*ENTRIES SUPPLIED*:

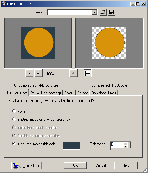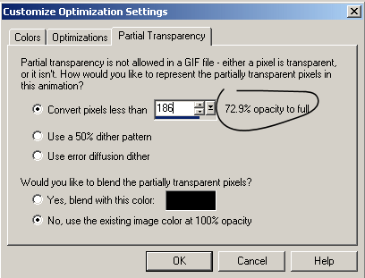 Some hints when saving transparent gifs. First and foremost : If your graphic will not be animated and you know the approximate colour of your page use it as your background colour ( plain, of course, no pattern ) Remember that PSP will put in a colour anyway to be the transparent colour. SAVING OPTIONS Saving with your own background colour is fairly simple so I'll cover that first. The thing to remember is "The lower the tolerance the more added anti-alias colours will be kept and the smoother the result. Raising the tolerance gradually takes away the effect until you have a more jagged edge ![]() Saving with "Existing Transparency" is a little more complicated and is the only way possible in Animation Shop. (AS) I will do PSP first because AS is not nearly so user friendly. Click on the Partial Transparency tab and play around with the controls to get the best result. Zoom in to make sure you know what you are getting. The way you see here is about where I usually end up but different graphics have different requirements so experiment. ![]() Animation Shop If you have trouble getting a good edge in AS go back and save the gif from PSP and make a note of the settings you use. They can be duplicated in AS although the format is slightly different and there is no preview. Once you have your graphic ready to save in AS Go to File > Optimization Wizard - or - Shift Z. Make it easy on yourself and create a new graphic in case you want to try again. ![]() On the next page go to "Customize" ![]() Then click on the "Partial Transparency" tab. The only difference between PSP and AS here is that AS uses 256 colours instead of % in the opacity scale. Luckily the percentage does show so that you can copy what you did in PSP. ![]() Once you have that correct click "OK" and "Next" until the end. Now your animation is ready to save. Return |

==

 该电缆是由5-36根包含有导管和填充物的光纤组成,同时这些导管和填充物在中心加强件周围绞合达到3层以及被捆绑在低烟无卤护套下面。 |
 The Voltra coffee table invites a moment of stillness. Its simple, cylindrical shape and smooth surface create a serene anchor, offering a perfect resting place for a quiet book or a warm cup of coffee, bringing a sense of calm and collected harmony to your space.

*EXERCISE OBJECTIVE*:
From the line containing "该电缆是由5-36根包含有导" down to the line containing "The Voltra coffee" in the material above, reproduce every line exactly, including the two end lines.

*SOLUTION*:
 该电缆是由5-36根包含有导管和填充物的光纤组成,同时这些导管和填充物在中心加强件周围绞合达到3层以及被捆绑在低烟无卤护套下面。 |
 The Voltra coffee table invites a moment of stillness. Its simple, cylindrical shape and smooth surface create a serene anchor, offering a perfect resting place for a quiet book or a warm cup of coffee, bringing a sense of calm and collected harmony to your space.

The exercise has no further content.